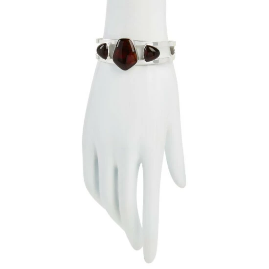 - Sterling silver, split-top cuff bracelet hasone large and two smaller, freeform, compressed brown amber stones bezel-set across top
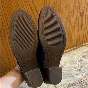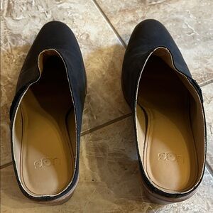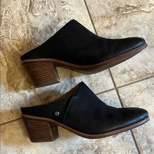 UGG Lovisa Women's Slip On Black Leather Mule Clogs Stacked Heel - Size 9.5
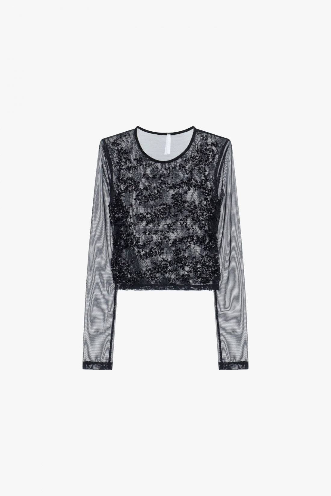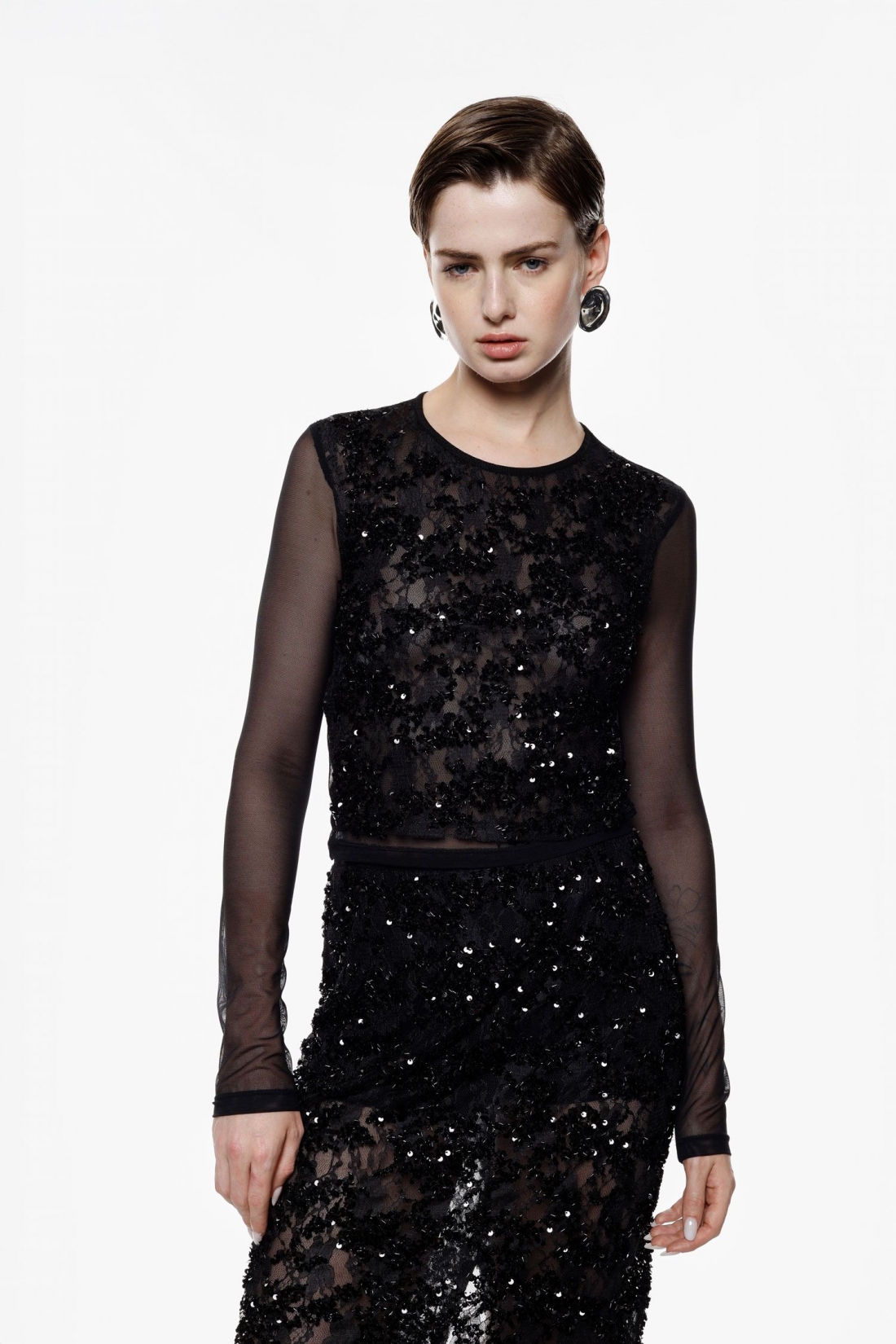 Design sofisticato per questo top cropped con maniche lunghe in tulle trasparente e decorazione di applicazioni lucide su tutta la parte anteriore. Il girocollo classico valorizza il look, perfetto per chi cerca uno stile esclusivo e contemporaneo. Ideale per creare abbinamenti originali e distintivi.
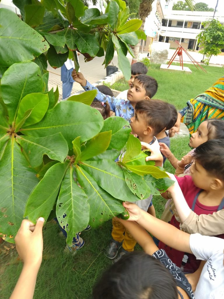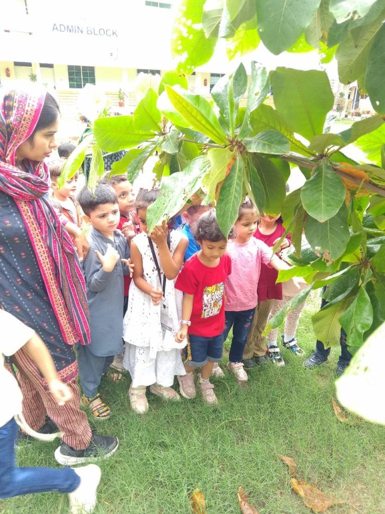 The activity of visiting the school garden and showing the students parts of plants (GO GREEN)

──────────

• [WHAT YOU NEED TO DO]:
From the data above, return only the lines starting at the line that holds "UGG Lovisa Women's" and ending at the line that holds "Design sofisticato per", word for word and without pictures.

• [FINISHED EXERCISE]:
 UGG Lovisa Women's Slip On Black Leather Mule Clogs Stacked Heel - Size 9.5
 Design sofisticato per questo top cropped con maniche lunghe in tulle trasparente e decorazione di applicazioni lucide su tutta la parte anteriore. Il girocollo classico valorizza il look, perfetto per chi cerca uno stile esclusivo e contemporaneo. Ideale per creare abbinamenti originali e distintivi.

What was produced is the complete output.